On 27 February 2024, Reading received their second points deduction of the season, being docked two more points by the EFL after failing to make HMRC payments within an 80-day limit. The deduction left the club three points above the relegation places. In total, under Dai Yongge's ownership, the club has had 18 points deducted. In March 2024, Dai Yongge was "open to the sale" of the club's Bearwood Park training facility to secure funding while new owners were sought, a move criticised by supporters groups for the confusing message it sent to potential investors; the club faces a cash shortfall of about £1m for March. On 14 March, Reading announced they were holding talks with Wycombe Wanderers over the sale of Bearwood Park, but Wycombe put the talks "on hold" after learning that "planning limitations allowed only Reading to use the grounds".

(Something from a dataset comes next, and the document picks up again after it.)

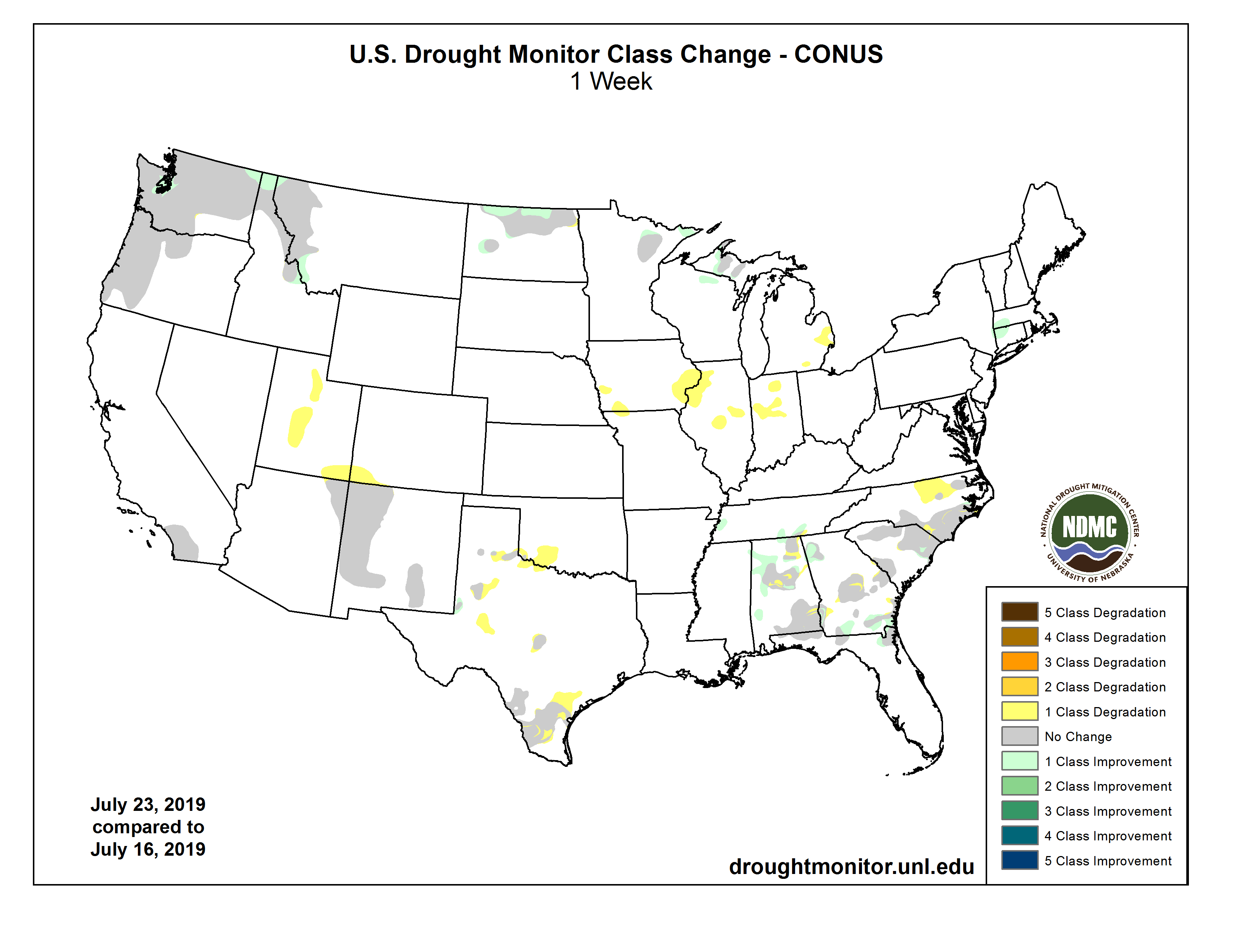 A sluggish start to the Southwestern monsoon season, particularly in Arizona, Utah, and southwestern Colorado, led to some modest expansion of abnormal dryness (D0). Locations in or near the new D0 areas that received only a trace of rain during the first 23 days of July included Cortez, Colorado (0.69 inch below normal), and Cedar City, Utah (0.54 inch below normal). Farther north, some reassessment of conditions near the Canadian border led to the removal of severe drought (D2) from northeastern Washington into northwestern Montana, based on recent precipitation trends, streamflow, and other drought indicators. Similarly, a small lobe of D0 was removed from southwestern Montana. Closer to the Pacific Coast, enough precipitation has recently fallen in western Washington to result in a slight reduction in the coverage of D2. Still, some significant topsoil moisture shortages exist in parts of the Pacific Northwest. On July 21, USDA rated topsoil moisture 64% very short to short in Oregon and 57% in very short to short in Washington…
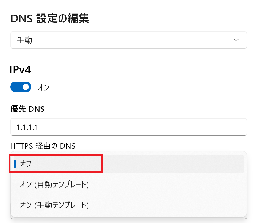 ・日本語 = 「HTTPS(DoH)の名前解決による DNS を構成する」

On 21 March 2024, Nigel Howe said there have been "approaches from around the world" to buy Reading. Four days later, Reading were reported to be in "exclusive negotiations" with a buyer to agree final terms for Dai's shareholding, the stadium and the training ground, which could take up to two months.

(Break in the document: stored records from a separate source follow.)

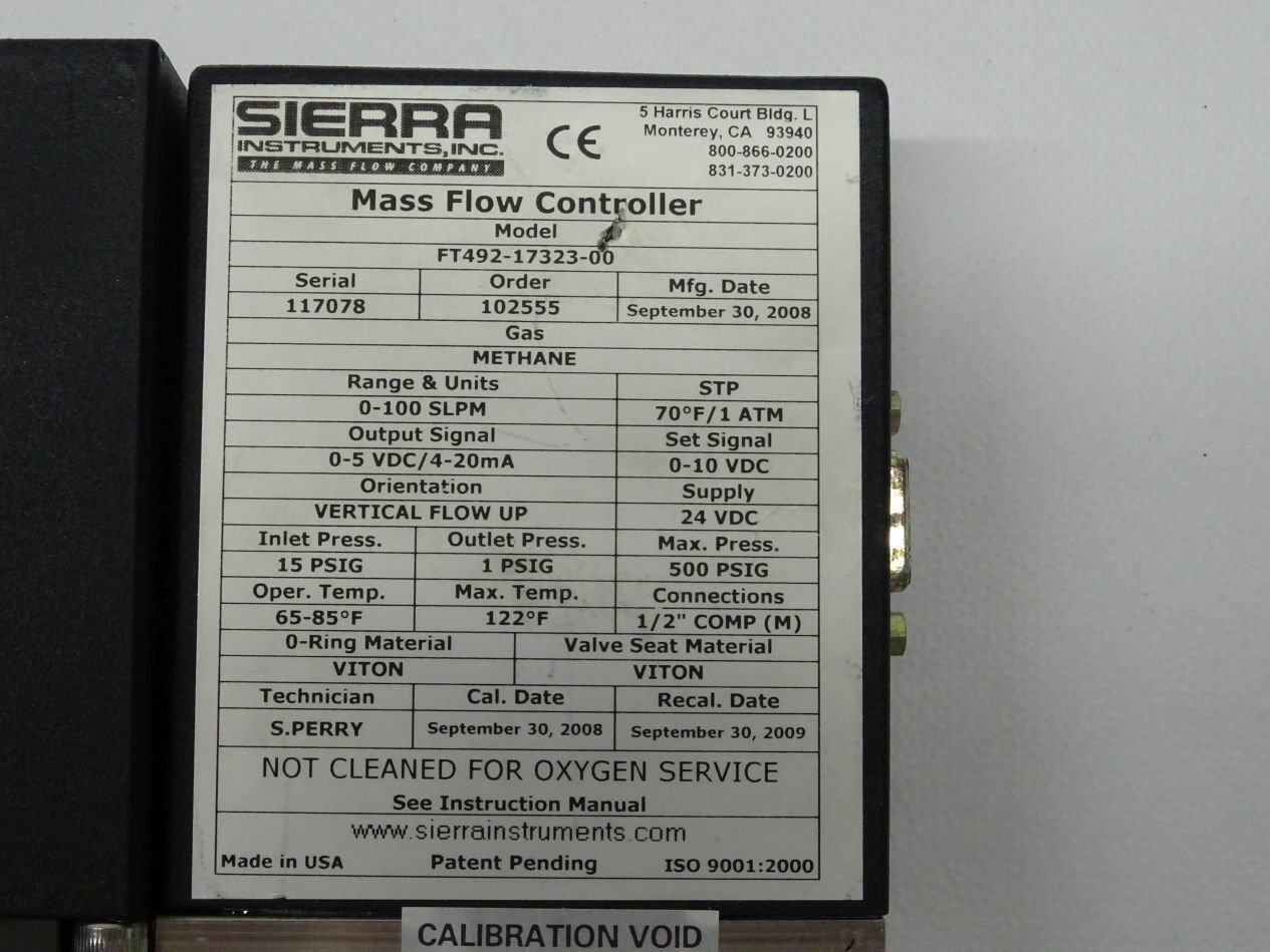 Sierra Instruments Mass Flow Controller FT492-17323-00 / 102555
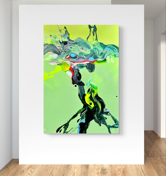 „Zitronenfalter" 100 x 70 cm, Fluid Art auf Leinwand; verfügbar
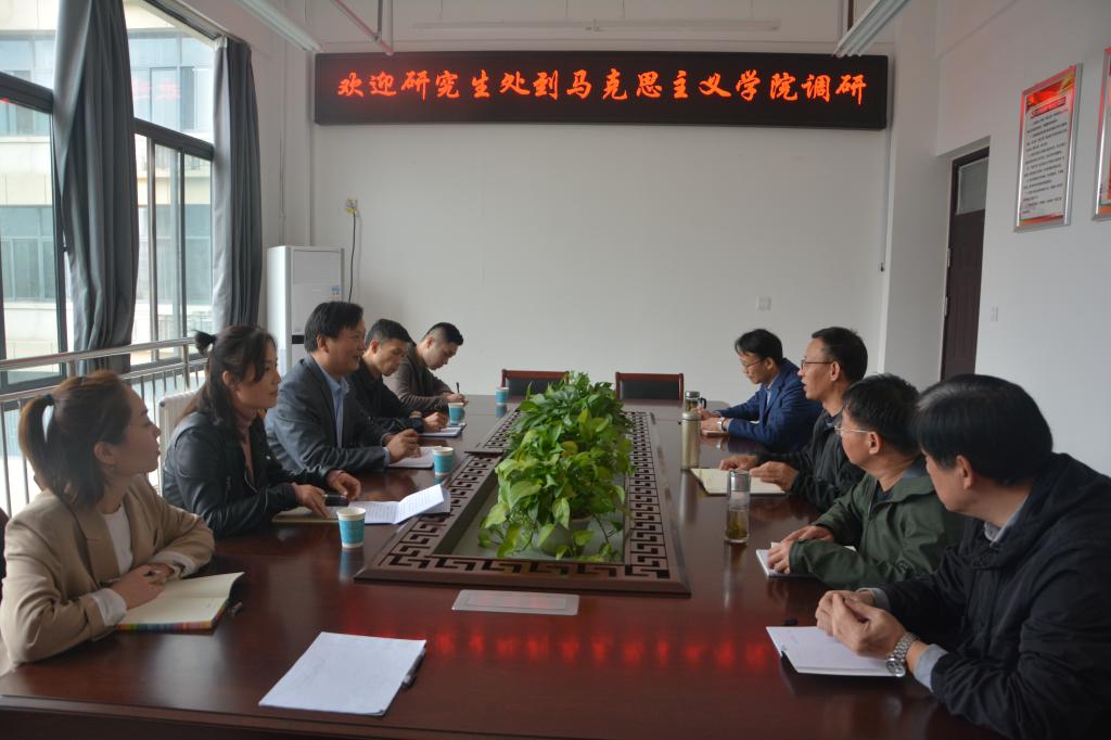 孙处长首先说明此次调研的目的,主要想了解研究生思政课教学现状和问题、马克思主义理论学科发展现状、研究生处工作需要改进的地方。
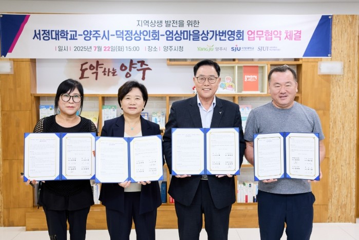 양주시가 지난 22일, 관내 대학인 서정대학교와 지역 골목상권인 덕정상인회, 엄상마을상가번영회 간 지역경제 활성화를 위한 업무협약을 체결했다고 밝혔다.
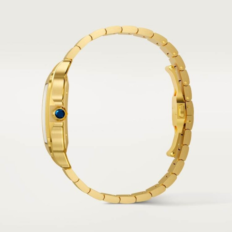 SANTOS DE CARTIER腕表,大號表款,卡地亞1847 MC型工作坊精制自動上鏈機械機芯。750/1000黃金表殼,七邊形表冠,鑲嵌一顆多切麪藍寶石,緞麪打磨漸變金色陽光射線紋飾表磐,劍形鍍金拋光精鋼指針,郃成藍寶石水晶鏡麪。黃金表鏈,配備“SMARTLINK”金屬表鏈調節系統。隨附棕色鱷魚皮表帶,搭配可替換式金質折曡表釦。表帶和表鏈均配備“QUICKSWITCH”表帶快速替換系統。表殼寬度:39.8毫米,厚度:9.38毫米。生活防水深度10巴(約100米)

At the end of April 2024, the club finished the League One season in 17th position. The ongoing financial difficulties caused the women's team to withdraw from the Women's Championship on 30 June.

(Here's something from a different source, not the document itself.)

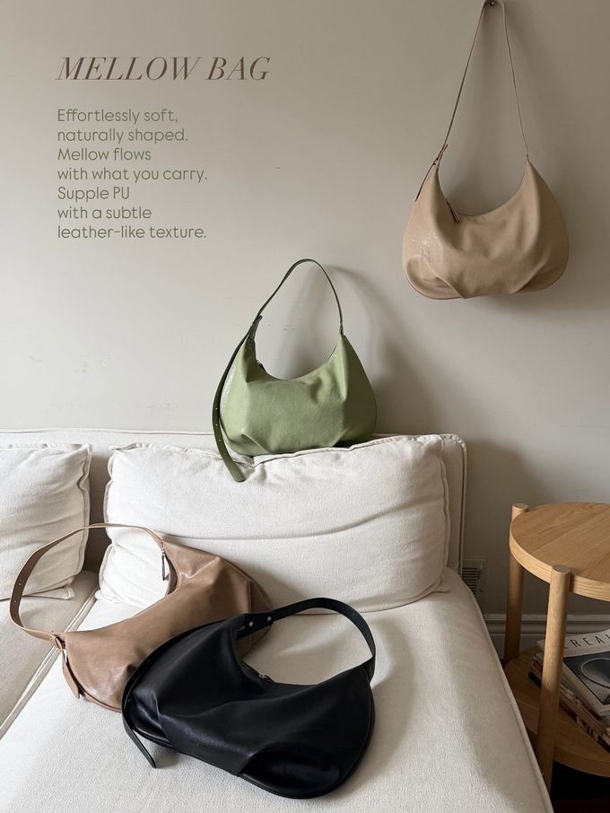 • 品名:小眾設計 質感輕量皮革肩背彎月包
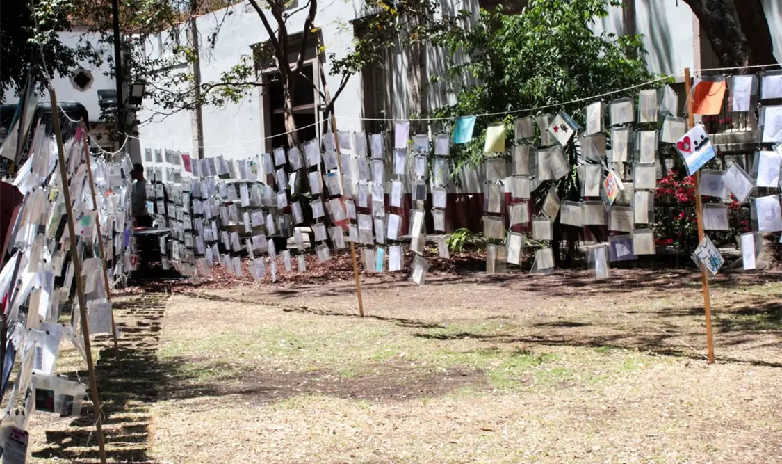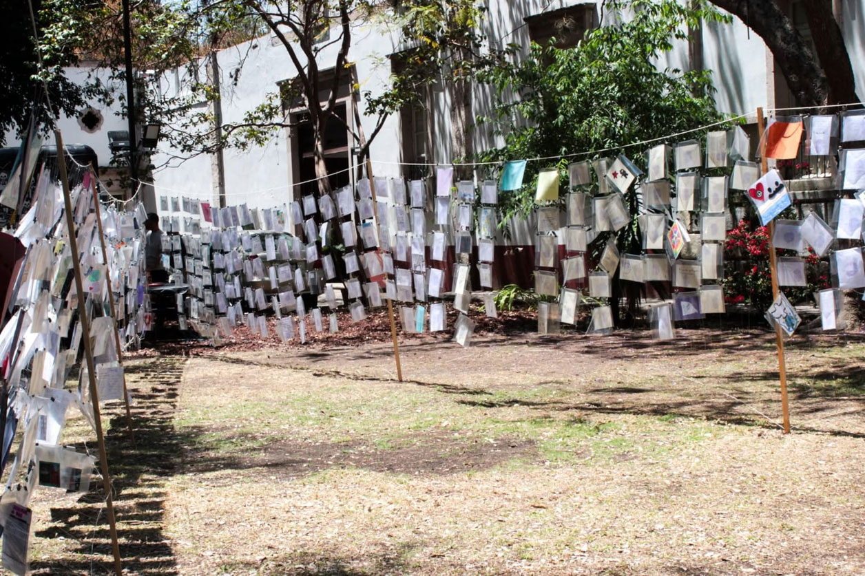 La muestra abrió el 25 de marzo, en los jardines del recinto. La exhibición incluye 885 postales elaboradas con técnicas como pintura, ilustración, collage y mixta. Cada pieza presenta una interpretación de la paz desde la mirada de niñas, niños y jóvenes participantes.

An attempted takeover by former Wycombe Wanderers owner Rob Couhig collapsed in September 2024, a bid by former Reading chairman Roger Smee ended in December 2024, and negotiations over another (unnamed) takeover bid expired in February 2025. Also in February 2025, local MP Yuan Yang backed a supporters' group call for an inquiry into the club's governance since May 2012.

In March 2025, Yongge was given until 4 April 2025 to sell the club after the EFL disqualified him under its Owners' and Directors' Test. Also in March 2025, 12 months late, Reading finally submitted financial accounts for the 2022-23 relegation campaign, revealing a loss of over £20m. The late filing of accounts resulted in an EFL transfer embargo, which could be reinstated if Reading failed to publish their 2023-24 accounts by 31 March.

=== New ownership (2025–) ===
On 3 May 2025, prior to the final match of the 2024-25 season, a 4-2 home defeat to Barnsley, Reading announced that a sale in principle of the club, stadium, and training ground to Rob Couhig's Redwood Holdings Limited had been agreed. On 14 May 2025, Reading and the EFL announced that Redwood Holdings had completed their takeover of the club ending Dai Yongge's ownership of the club.

On 26 June 2025, the fixtures were announced with Reading starting their third consecutive season in EFL League One with a trip to Sincil Bank to face Lincoln City and would end the season by hosting Blackpool at the Select Car Leasing Stadium.